(EXERCISE DETAILS)
Shown below are entries with pictures; the line with "其中,由泸州老窖原四大营销战" through the line with "توضیحات خریدار:جدول گذاری" is the span to retype exactly, and the pictures stay out.

** DATASET EXCERPTS follows **

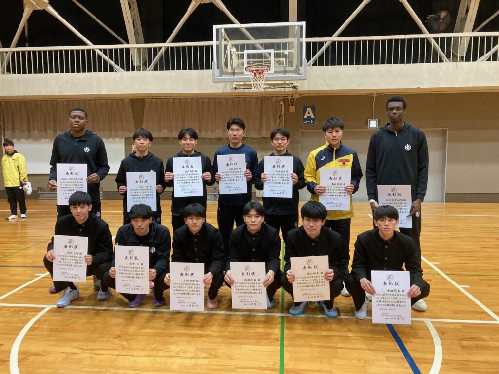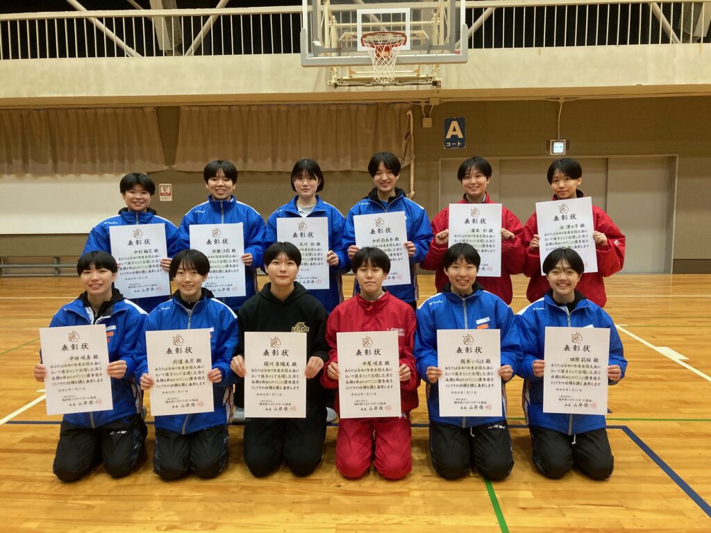 1月11日(日)午後、福井商業高校体育館にて県高校新人大会2次予選(北信越高校新人大会予選)終了後の表彰式において、令和7年度協会表彰(高校生優秀選手賞)を行いました。この賞は令和7年度に行われた全国大会において5位以内の入賞を果たしたチームの選手に贈られるものです。受賞者は北陸高校男子13名(全国高校総体3位)、県選抜少年男子10名(国民スポーツ大会5位)、県選抜少年女子12名(国民スポーツ大会5位)の総勢35名です。受賞されたみなさんの今後ますますの活躍を期待するところです。なお指導者の表彰は5月の社員総会において行うこととしています。
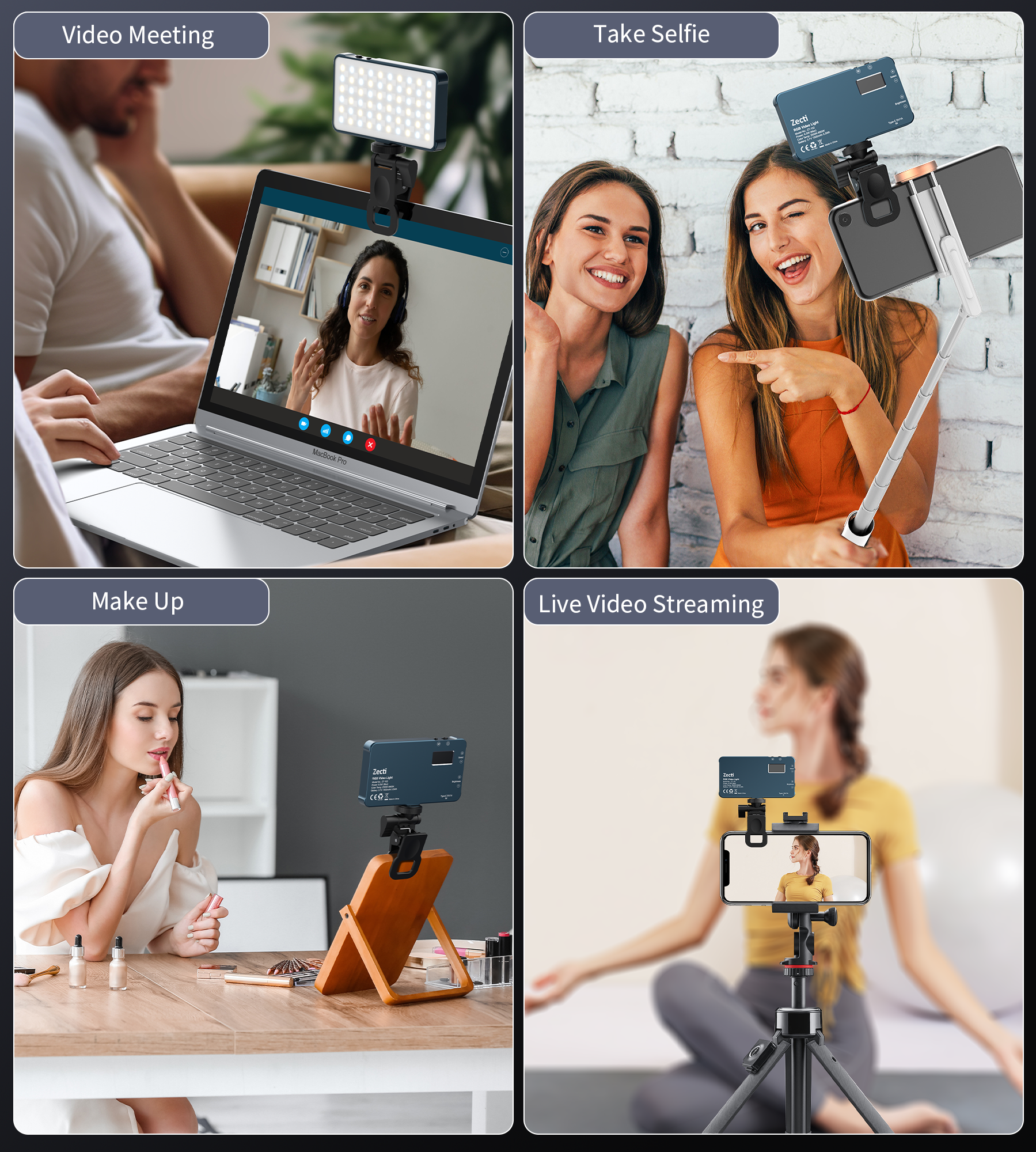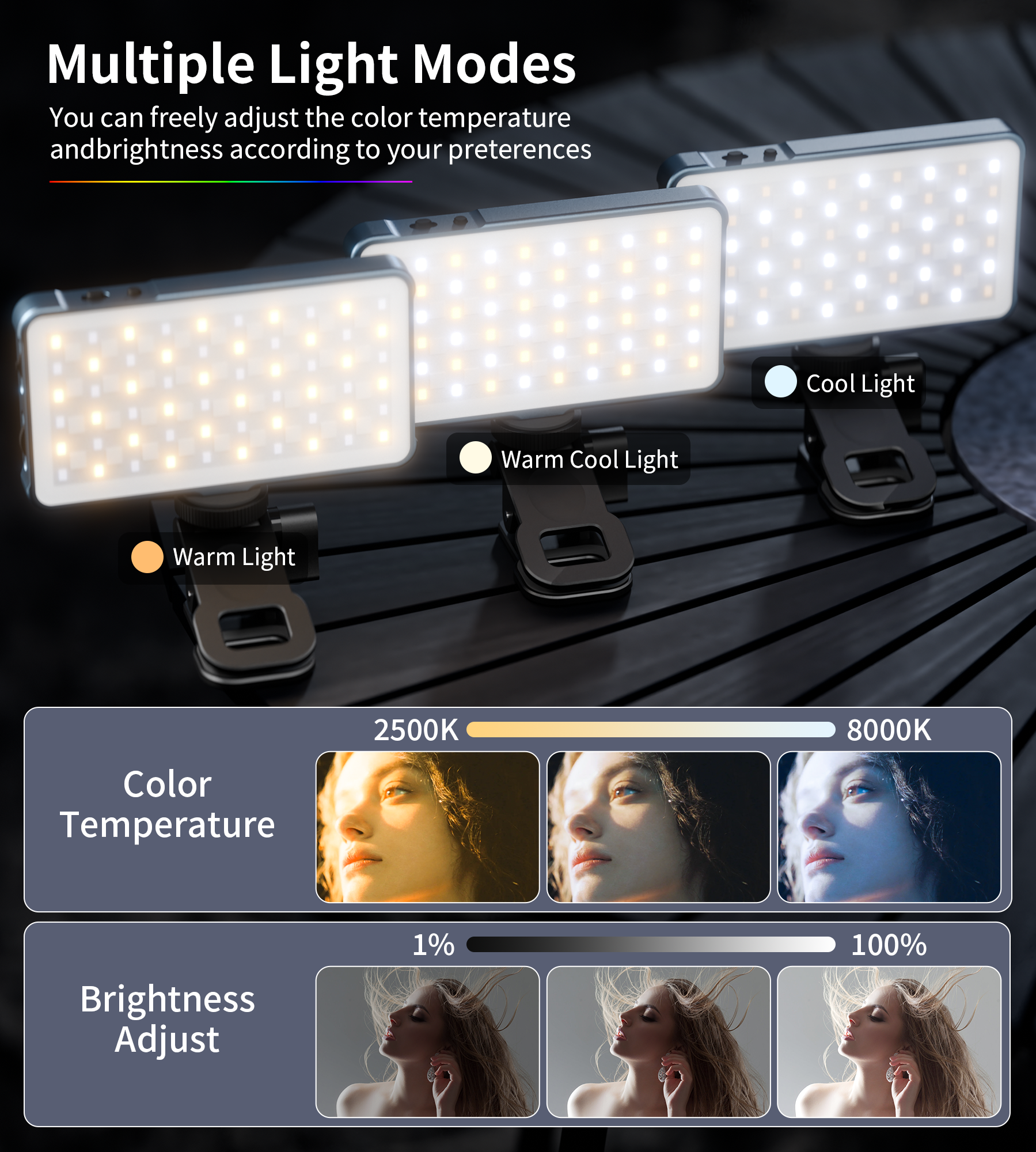- 【Color Temperature & Brightness Adjustable】The phone light can be easily adjusted between 1%-100% brightness, color temperature can be easily adjusted between 2500K (warm)-9900K (white),1500lux lumiuous ensuring that you always look your best in every selfie. Suitable for selfie, live broadcast, make-up, video conference
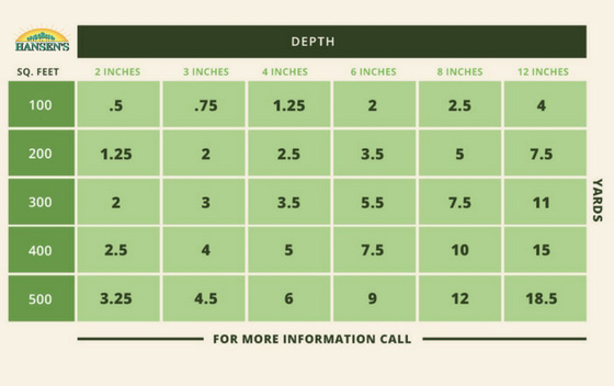 Hansen’s recommends an overall mulch depth of 3″. This depth will provide adequate feeding and moisture control for trees and shrubs. Keep in mind mulch breaks down at a rate of approximately 1″ per year, making yearly applications necessary.
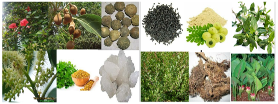 Unani drugs used for the treatment of premature graying of hair have the properties of Musawwid-e-shaar (Blackening of hairs), Muqawwi-e-shaar (Strengthening of hairs), Munbit-e-shar, Muhafiz-e-shaar, Qabiz, Habis, with Lateef Hararat, Mukhrij-e-balgham, Muqawwi e Aam, Mujaffif (Detergent) etc. Single drugs having these properties are Sumbul-ut-teeb (Nardostachys jatamansi), Zaranbad (Curcuma zedoaria), Amla Sabz (Emblica officinalis), Bhangra Sabz (Eclipta alba), Barg Hina Sabz(Lawsonia inermis), Roghan Kunjad (Sesamum indicum), Aas (Myrtus communis Linn), Shoneez, Zaitoon (Olea europaea), Harad (Terminalia chebula Linn), Baheda (Terminalia bellirica Linn), Aqaqia (Acacia arabica Linn), Mazu (Quercus infectoria), Methi (Trigonella foenum-graecum), Qarnphal (Myrtus Caryophyllus Spreng), Joz bova (Myristica fragrans), Gudhal (Hibiscus rosa-sinensis), Phitkari (Alam) etc (Figure 2).21,22
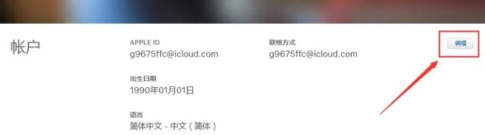 2、把注册好了的国内Apple ID从http://appleid.apple.com登录,登录后进入到苹果账号的管理中心,点击“编辑”账户。
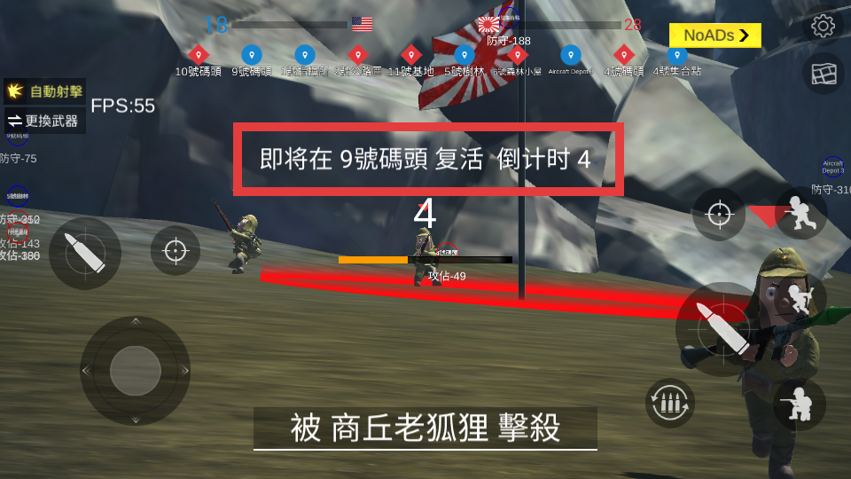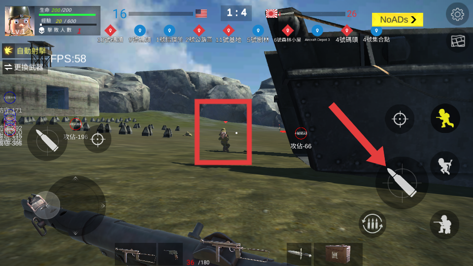 3、遇到敌方士兵时,点击屏幕右侧类似【子弹】的射击按钮,快速瞄准射击消灭敌人。
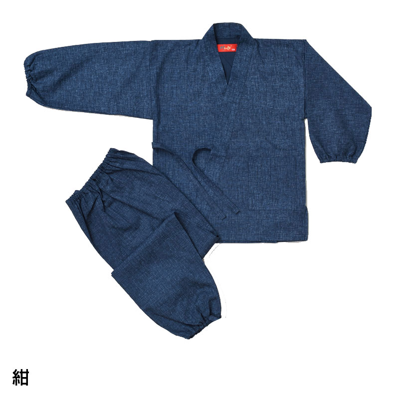 子供用作務衣 紬調(赤・紺)(90-150cm)
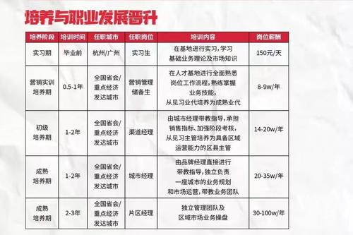 其中,由泸州老窖原四大营销战队之一的博大酒业升级而成的大成浓香公司开启成立后首次校招。招聘信息显示,大成浓香公司目前主要负责头曲、黑盖品牌运作,担负泸州老窖大光瓶战略使命。公司此次招聘的实习期岗位薪酬为150元/天;毕业进入营销实训培养期后,年薪可达8-9万元/年;渠道经理年薪为14-20万元/年,城市经理年薪为20-35万元/年,片区经理年薪为30-100万元/年。按照招聘启事标注的培训时间,能力突出者最短能在5年时间内即可拿到百万年薪。
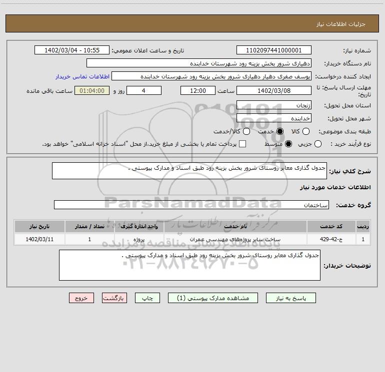 توضیحات خریدار:جدول گذاری معابر روستای شرور بخش بزینه رود طبق اسناد و مدارک پیوستی .
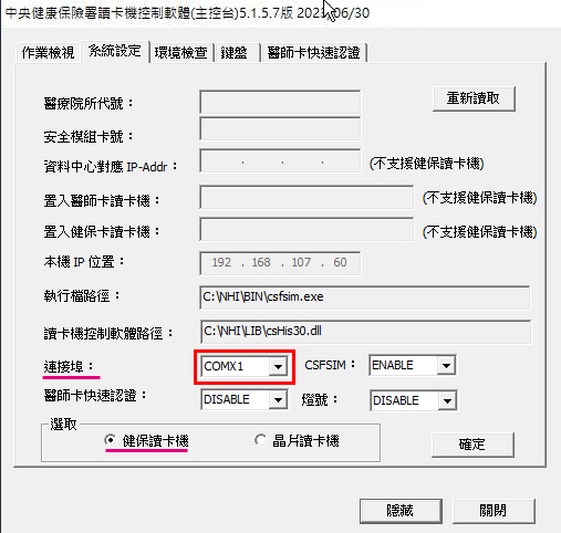 院所若使用健保專屬讀卡機環境,雲端主控台系統設定COM埠務必與之對應!
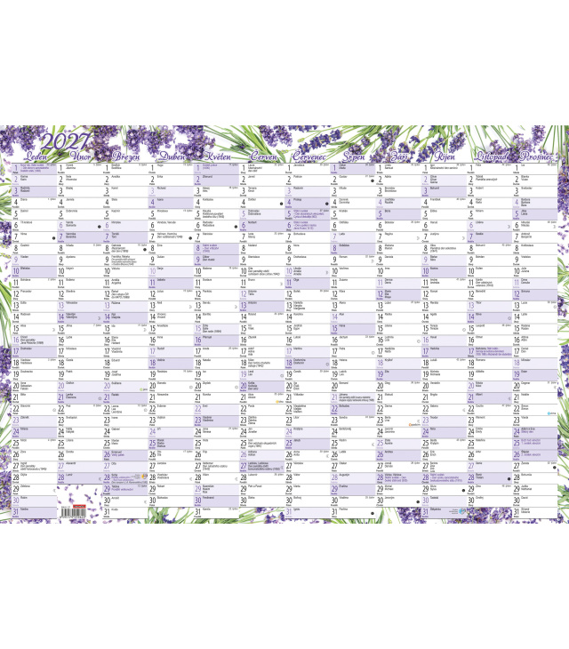 Nástěnný kalendář roční (60 x 42 cm) - Levandule 2027, Kalendárium: měsíční fáze, roční období, letní a zimní čas; Popis: Nástěnný roční kalendář s motivem Levandule v praktické velikosti 60 cm. Pověste si ho na lednici nebo na skříň a prostě plánujte. s kalendáriem České roční jmenné / yearly CZ with CZ names / järlich CZ mit dem CZ Name
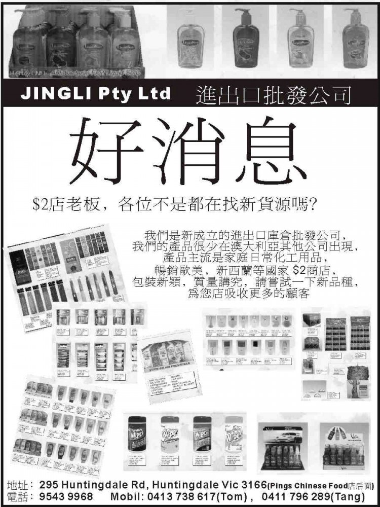 商业目录 JINGLI Pty Ltd 英文名称: JINGLI Pty Ltd业务分类: 购物中心详细介绍: 詳情請見廣告联系电话: 95439968/0413738617/0411796289商务地址: 295 Huntingdale Rd, Huntingdale, VIC Australia 3166 发送消息给业主 商家名称:JINGLI Pty Ltd 您的姓名 您的邮件 消息内容
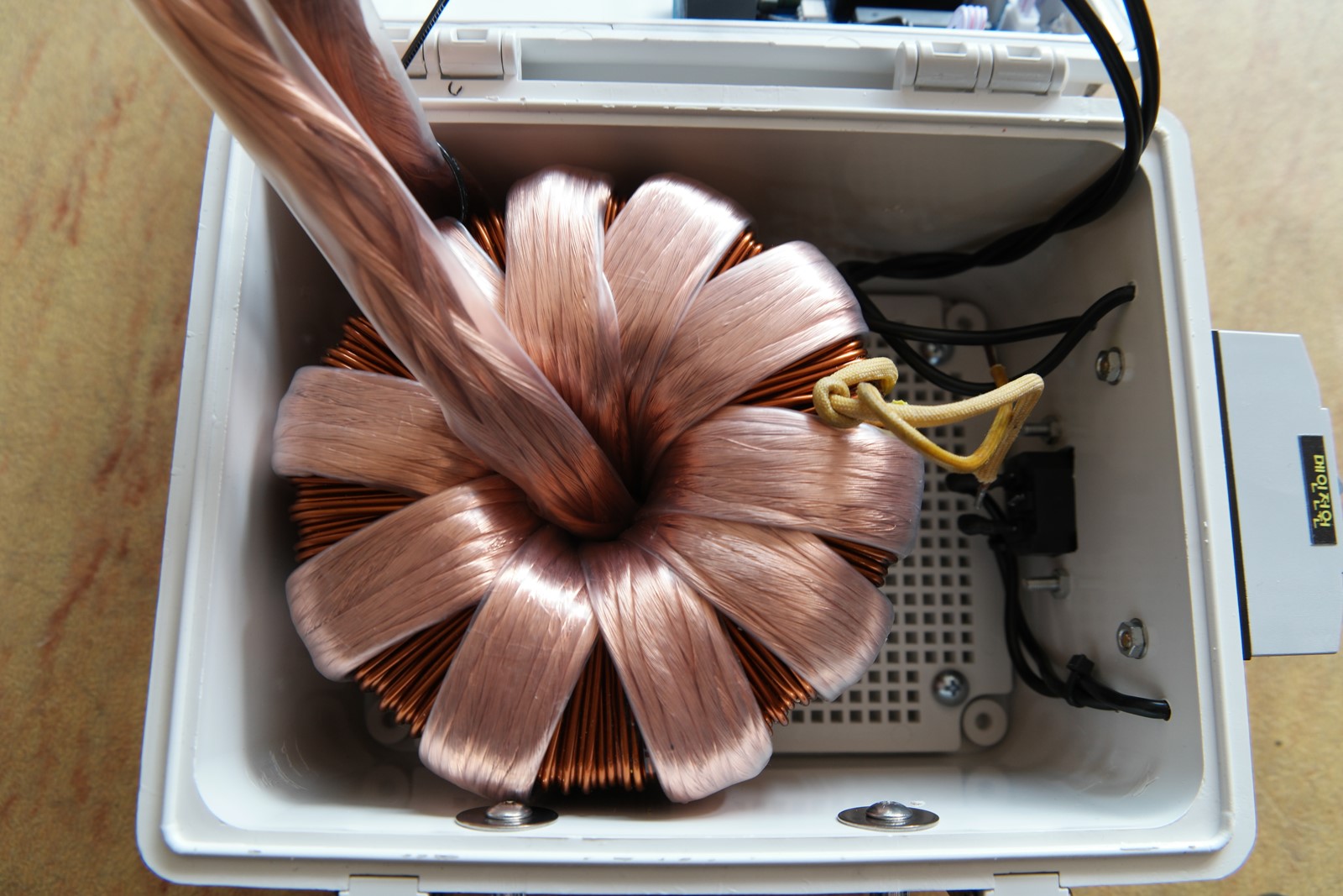 스폿성능을 끌어올리기 위하여 제작시 용접 전류량에 집중하여, 2차 권선에 유도된 전류가 허용전류에 따른 제한으로 권선 자체에서 열로 손실되지 않도록 충분히 두껍게 하고 그렇게 유도된
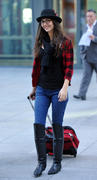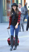 Victoria Justice desembarcando no aeroporto Heathrow, em Londres

** End of DATASET EXCERPTS **

(EXERCISE OUTPUT)
 其中,由泸州老窖原四大营销战队之一的博大酒业升级而成的大成浓香公司开启成立后首次校招。招聘信息显示,大成浓香公司目前主要负责头曲、黑盖品牌运作,担负泸州老窖大光瓶战略使命。公司此次招聘的实习期岗位薪酬为150元/天;毕业进入营销实训培养期后,年薪可达8-9万元/年;渠道经理年薪为14-20万元/年,城市经理年薪为20-35万元/年,片区经理年薪为30-100万元/年。按照招聘启事标注的培训时间,能力突出者最短能在5年时间内即可拿到百万年薪。
 توضیحات خریدار:جدول گذاری معابر روستای شرور بخش بزینه رود طبق اسناد و مدارک پیوستی .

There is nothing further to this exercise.